Mayor Vadym Boychenko said that Russian forces controlled some neighborhoods and were entering “deeper into the city” of almost half a million people before the war but Mariupol remains “under the control of Ukrainian armed forces.”

“Mariupol needs a complete evacuation,” Boychenko told the local UNIAN news agency in an interview published overnight.
Boychenko said about 40 percent Mariupol’s affected residential buildings are now uninhabitable.
In a reference to Russian forces surrounding the city, Boychenko said that “there are suburbs of the city which, of course, they took control of,” adding that “the city is encircled and that circle is of course shrinking.”

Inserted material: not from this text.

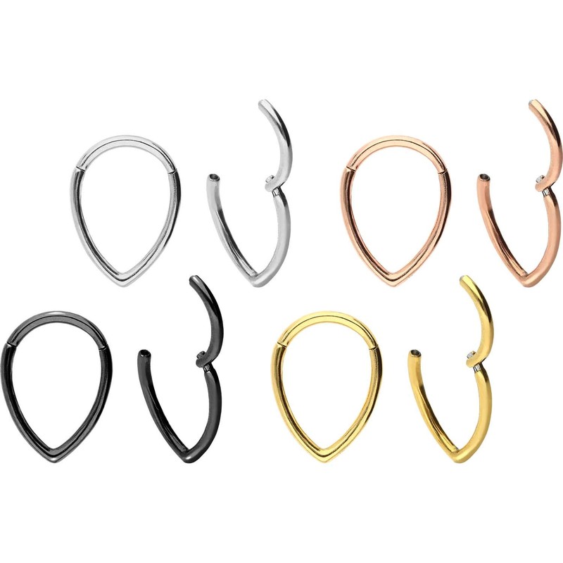 Dieser Clicker ist ein absoluter Blickfang! Gefertigt aus hochwertigem Chirurgenstahl 316L und wahlweise mit einer wunderschönen PVD-Beschichtung versehen bietet er eine sehr gute Qualität und Beschaffenheit. Die Tropfen-Form des Clickers garantiert neidische Blicke. Die Clickerpiercings sind neben dem Einsatz im Septum auch für viele andere Körperregionen (z.B. das Ohr) geeignet.

On March 27, Ukrainian Deputy Prime Minister and Minister for Reintegration of the Temporarily Occupied Territories of Ukraine Iryna Vereshchuk complained that while 10 of 11 “humanitarian corridors” agreed between the fighting sides had been functioning, stops at a checkpoint in Vasylivka were preventing Mariupol residents in private vehicles from escaping toward Zaporizhzhya.
But later she said two corridors had been agreed for residents to flee frontline cities, including Mariupol.
There was no immediate confirmation whether residents were making their way through the corridor.
Boychenko cited a Ukrainian government estimate of “from 20,000 to 30,000” Mariupol residents having been forcibly sent to territory under Russian control.